Source data:
▬▬▬

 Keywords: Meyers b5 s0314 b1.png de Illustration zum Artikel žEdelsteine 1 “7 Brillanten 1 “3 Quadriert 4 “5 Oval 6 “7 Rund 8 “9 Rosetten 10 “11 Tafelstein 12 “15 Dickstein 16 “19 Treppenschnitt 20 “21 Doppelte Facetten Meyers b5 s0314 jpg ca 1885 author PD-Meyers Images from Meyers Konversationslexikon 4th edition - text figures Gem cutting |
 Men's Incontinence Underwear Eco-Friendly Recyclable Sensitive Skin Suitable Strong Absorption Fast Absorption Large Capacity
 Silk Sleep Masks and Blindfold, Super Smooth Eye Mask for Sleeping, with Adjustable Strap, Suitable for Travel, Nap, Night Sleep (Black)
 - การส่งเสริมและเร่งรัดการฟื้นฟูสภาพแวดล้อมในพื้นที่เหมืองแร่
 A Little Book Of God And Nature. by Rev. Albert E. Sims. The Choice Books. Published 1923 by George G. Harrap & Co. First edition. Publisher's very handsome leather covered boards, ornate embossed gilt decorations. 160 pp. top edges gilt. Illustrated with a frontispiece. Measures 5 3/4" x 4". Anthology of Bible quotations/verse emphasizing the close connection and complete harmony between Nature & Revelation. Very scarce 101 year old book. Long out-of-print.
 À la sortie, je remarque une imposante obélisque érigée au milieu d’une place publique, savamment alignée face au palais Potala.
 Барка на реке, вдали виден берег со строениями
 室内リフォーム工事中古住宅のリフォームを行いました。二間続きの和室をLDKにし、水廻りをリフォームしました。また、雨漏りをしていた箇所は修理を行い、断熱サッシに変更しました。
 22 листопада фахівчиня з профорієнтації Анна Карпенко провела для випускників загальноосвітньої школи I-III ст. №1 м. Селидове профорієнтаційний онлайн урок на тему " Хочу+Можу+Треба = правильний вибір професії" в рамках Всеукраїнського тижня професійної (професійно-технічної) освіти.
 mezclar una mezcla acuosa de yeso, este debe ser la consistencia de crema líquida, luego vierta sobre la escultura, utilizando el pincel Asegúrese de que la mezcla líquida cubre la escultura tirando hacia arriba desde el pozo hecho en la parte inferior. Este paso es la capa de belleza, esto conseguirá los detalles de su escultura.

▬▬▬

PROMPT:
Write out the entries above once more, without altering anything.

EXERCISE RESULT:
 Keywords: Meyers b5 s0314 b1.png de Illustration zum Artikel žEdelsteine 1 “7 Brillanten 1 “3 Quadriert 4 “5 Oval 6 “7 Rund 8 “9 Rosetten 10 “11 Tafelstein 12 “15 Dickstein 16 “19 Treppenschnitt 20 “21 Doppelte Facetten Meyers b5 s0314 jpg ca 1885 author PD-Meyers Images from Meyers Konversationslexikon 4th edition - text figures Gem cutting |
 Men's Incontinence Underwear Eco-Friendly Recyclable Sensitive Skin Suitable Strong Absorption Fast Absorption Large Capacity
 Silk Sleep Masks and Blindfold, Super Smooth Eye Mask for Sleeping, with Adjustable Strap, Suitable for Travel, Nap, Night Sleep (Black)
 - การส่งเสริมและเร่งรัดการฟื้นฟูสภาพแวดล้อมในพื้นที่เหมืองแร่
 A Little Book Of God And Nature. by Rev. Albert E. Sims. The Choice Books. Published 1923 by George G. Harrap & Co. First edition. Publisher's very handsome leather covered boards, ornate embossed gilt decorations. 160 pp. top edges gilt. Illustrated with a frontispiece. Measures 5 3/4" x 4". Anthology of Bible quotations/verse emphasizing the close connection and complete harmony between Nature & Revelation. Very scarce 101 year old book. Long out-of-print.
 À la sortie, je remarque une imposante obélisque érigée au milieu d’une place publique, savamment alignée face au palais Potala.
 Барка на реке, вдали виден берег со строениями
 室内リフォーム工事中古住宅のリフォームを行いました。二間続きの和室をLDKにし、水廻りをリフォームしました。また、雨漏りをしていた箇所は修理を行い、断熱サッシに変更しました。
 22 листопада фахівчиня з профорієнтації Анна Карпенко провела для випускників загальноосвітньої школи I-III ст. №1 м. Селидове профорієнтаційний онлайн урок на тему " Хочу+Можу+Треба = правильний вибір професії" в рамках Всеукраїнського тижня професійної (професійно-технічної) освіти.
 mezclar una mezcla acuosa de yeso, este debe ser la consistencia de crema líquida, luego vierta sobre la escultura, utilizando el pincel Asegúrese de que la mezcla líquida cubre la escultura tirando hacia arriba desde el pozo hecho en la parte inferior. Este paso es la capa de belleza, esto conseguirá los detalles de su escultura.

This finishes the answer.